Lines from the opening of the material through the line containing "Flow+ is essentially" must be duplicated word for word. Pictures are not.

BEGIN PROVIDED ENTRIES

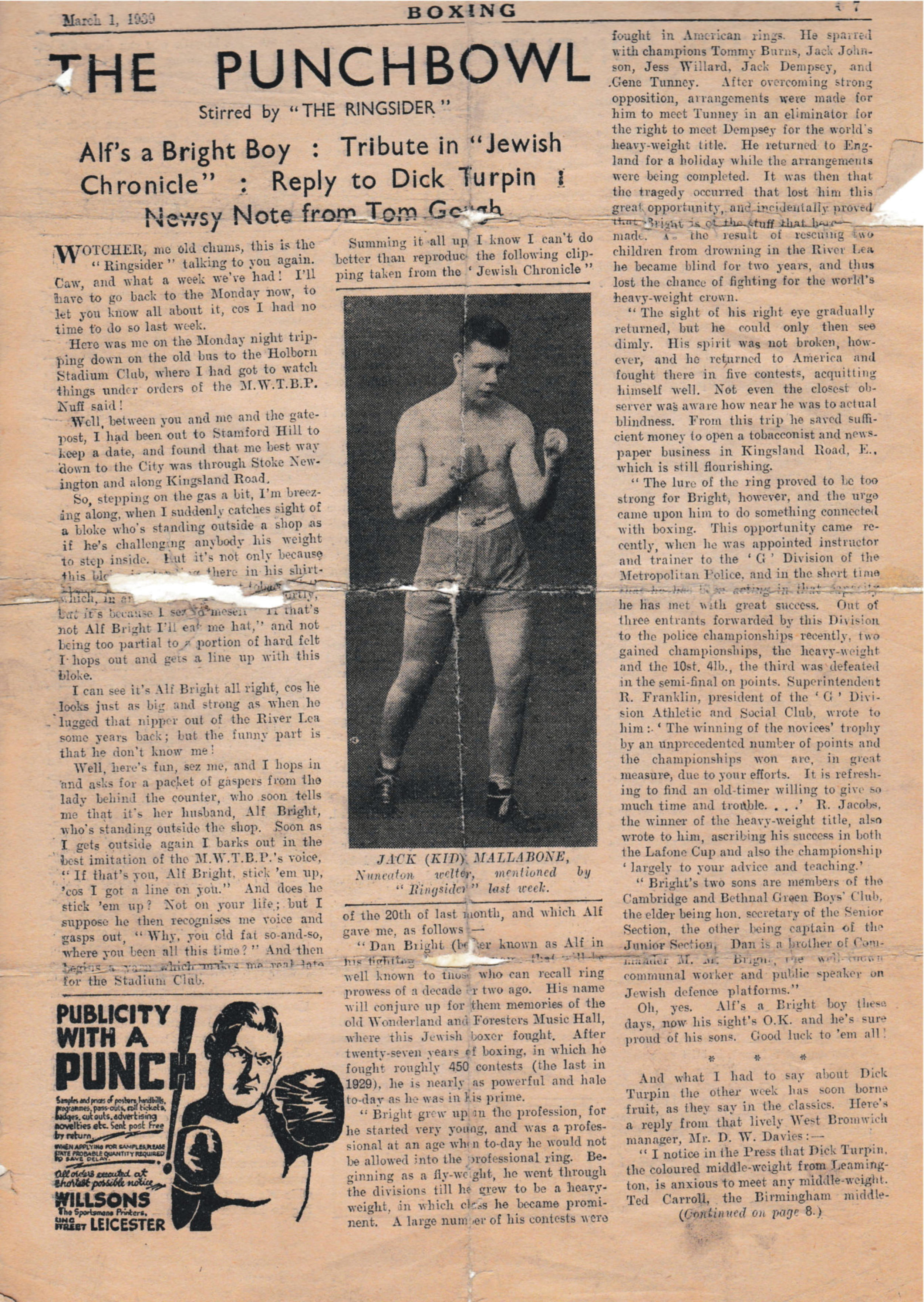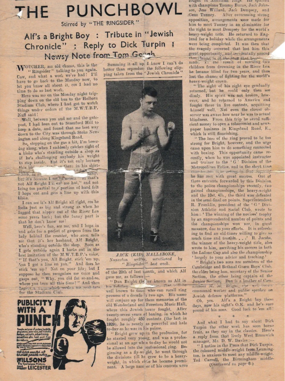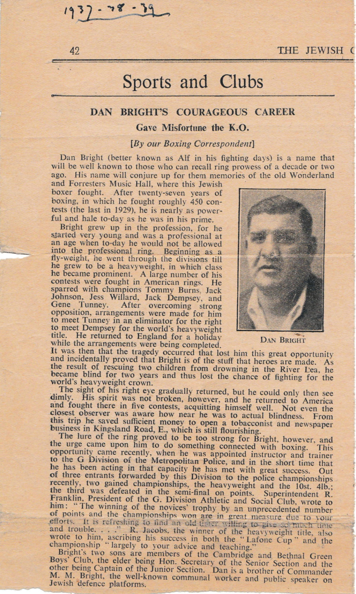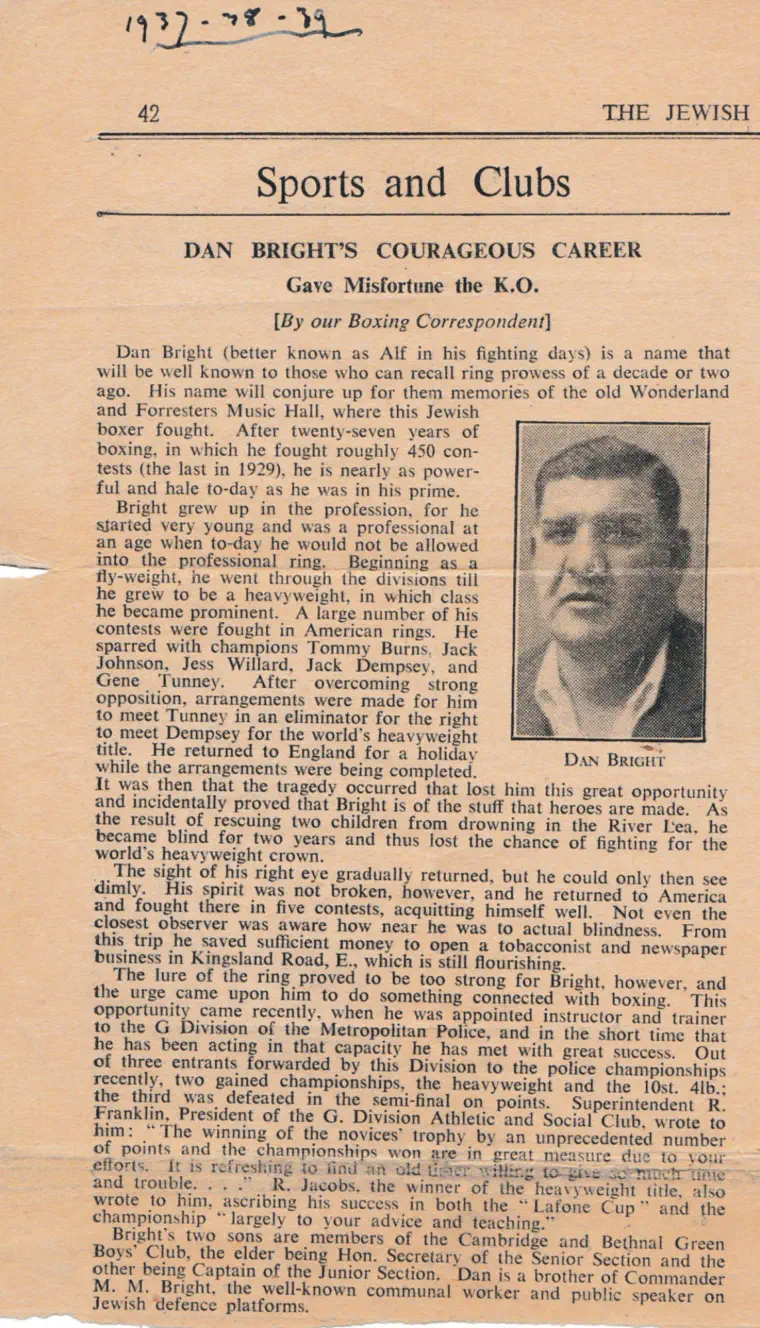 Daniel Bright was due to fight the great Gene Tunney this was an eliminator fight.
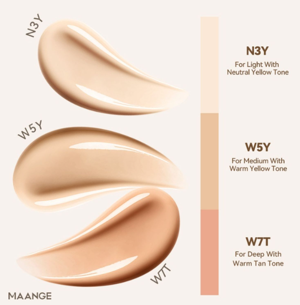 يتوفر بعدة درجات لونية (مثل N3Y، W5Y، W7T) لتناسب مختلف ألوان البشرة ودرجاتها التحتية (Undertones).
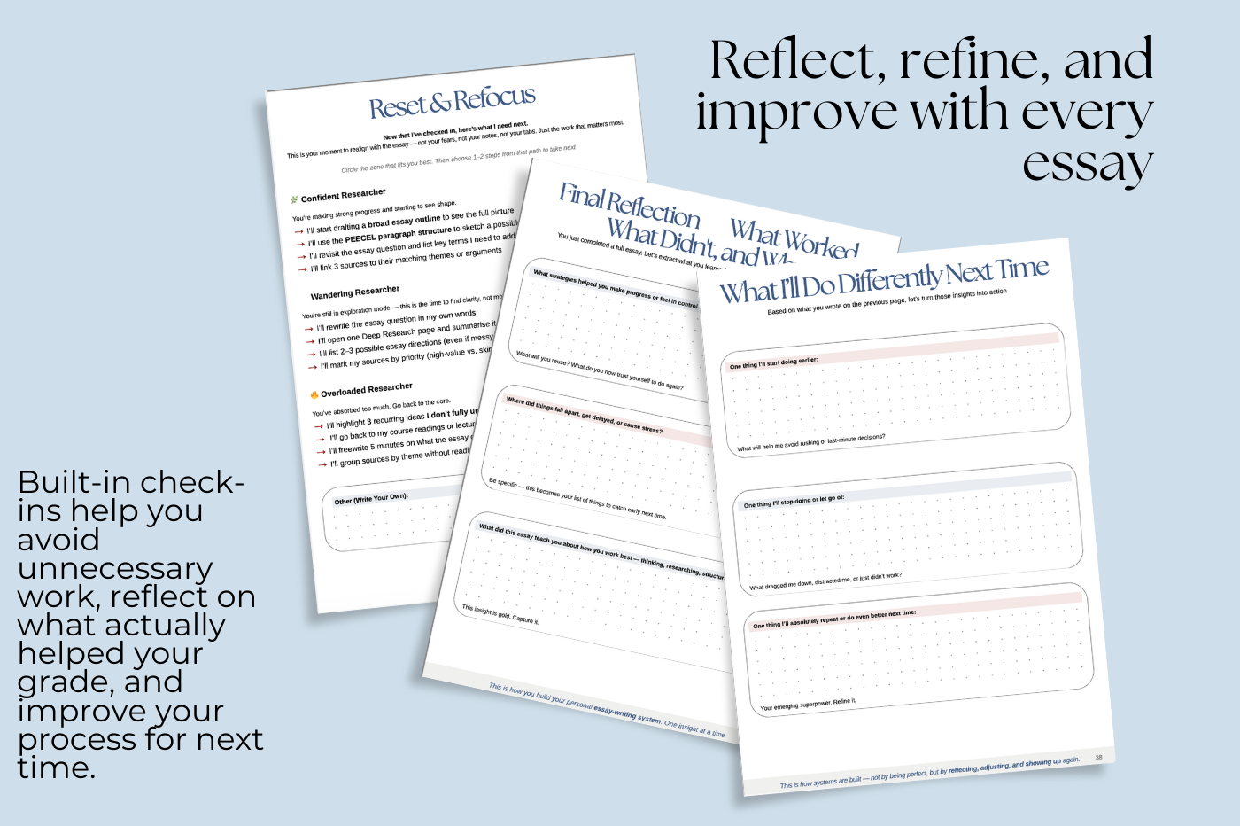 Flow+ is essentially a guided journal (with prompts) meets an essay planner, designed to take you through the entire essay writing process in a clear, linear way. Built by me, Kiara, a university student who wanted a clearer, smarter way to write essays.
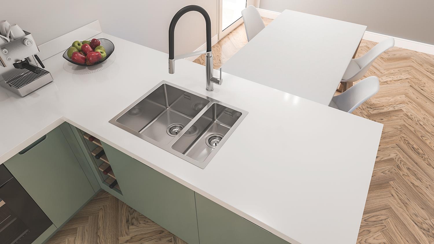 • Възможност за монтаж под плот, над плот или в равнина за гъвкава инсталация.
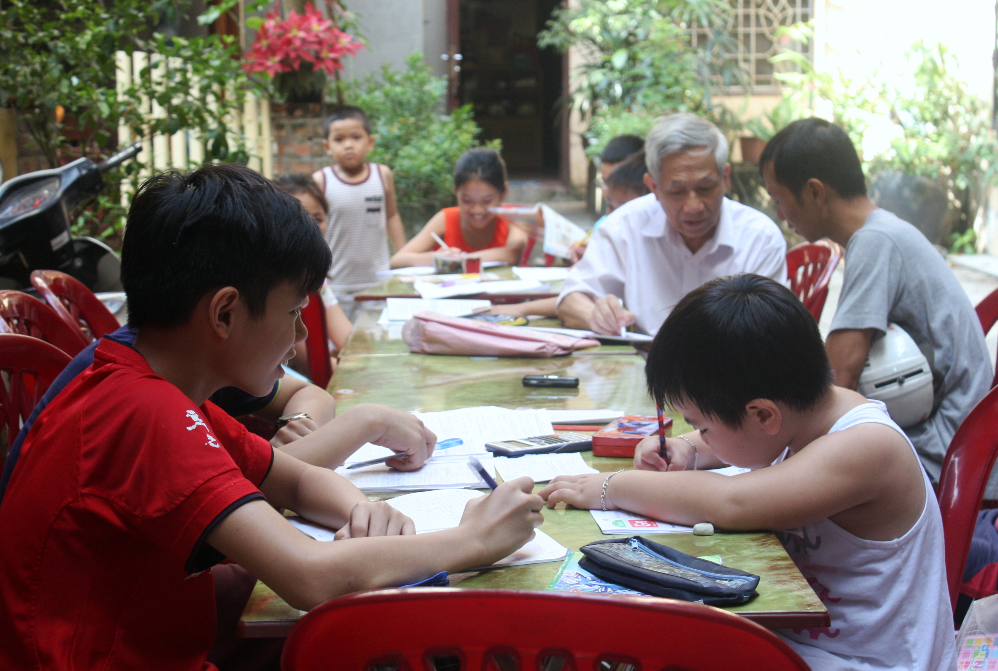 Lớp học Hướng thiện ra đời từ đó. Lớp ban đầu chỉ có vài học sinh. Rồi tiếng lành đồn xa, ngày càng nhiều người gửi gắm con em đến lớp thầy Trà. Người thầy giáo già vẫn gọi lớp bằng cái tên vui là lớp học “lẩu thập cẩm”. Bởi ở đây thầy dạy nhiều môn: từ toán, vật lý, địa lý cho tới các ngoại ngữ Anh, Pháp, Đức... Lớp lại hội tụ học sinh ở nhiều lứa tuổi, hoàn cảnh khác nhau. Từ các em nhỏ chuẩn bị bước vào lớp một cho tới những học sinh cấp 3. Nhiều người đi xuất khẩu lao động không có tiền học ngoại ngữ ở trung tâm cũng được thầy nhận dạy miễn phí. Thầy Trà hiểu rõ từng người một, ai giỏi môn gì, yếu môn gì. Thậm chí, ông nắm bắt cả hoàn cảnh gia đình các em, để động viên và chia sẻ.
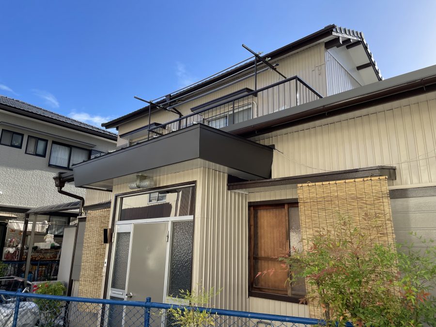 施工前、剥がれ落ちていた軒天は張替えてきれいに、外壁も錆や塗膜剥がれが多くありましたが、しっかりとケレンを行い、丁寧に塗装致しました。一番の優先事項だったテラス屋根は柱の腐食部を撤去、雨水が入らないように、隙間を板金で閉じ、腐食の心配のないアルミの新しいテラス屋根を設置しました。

END PROVIDED ENTRIES

OUTPUT OF THE EXERCISE:
 Daniel Bright was due to fight the great Gene Tunney this was an eliminator fight.
 يتوفر بعدة درجات لونية (مثل N3Y، W5Y، W7T) لتناسب مختلف ألوان البشرة ودرجاتها التحتية (Undertones).
 Flow+ is essentially a guided journal (with prompts) meets an essay planner, designed to take you through the entire essay writing process in a clear, linear way. Built by me, Kiara, a university student who wanted a clearer, smarter way to write essays.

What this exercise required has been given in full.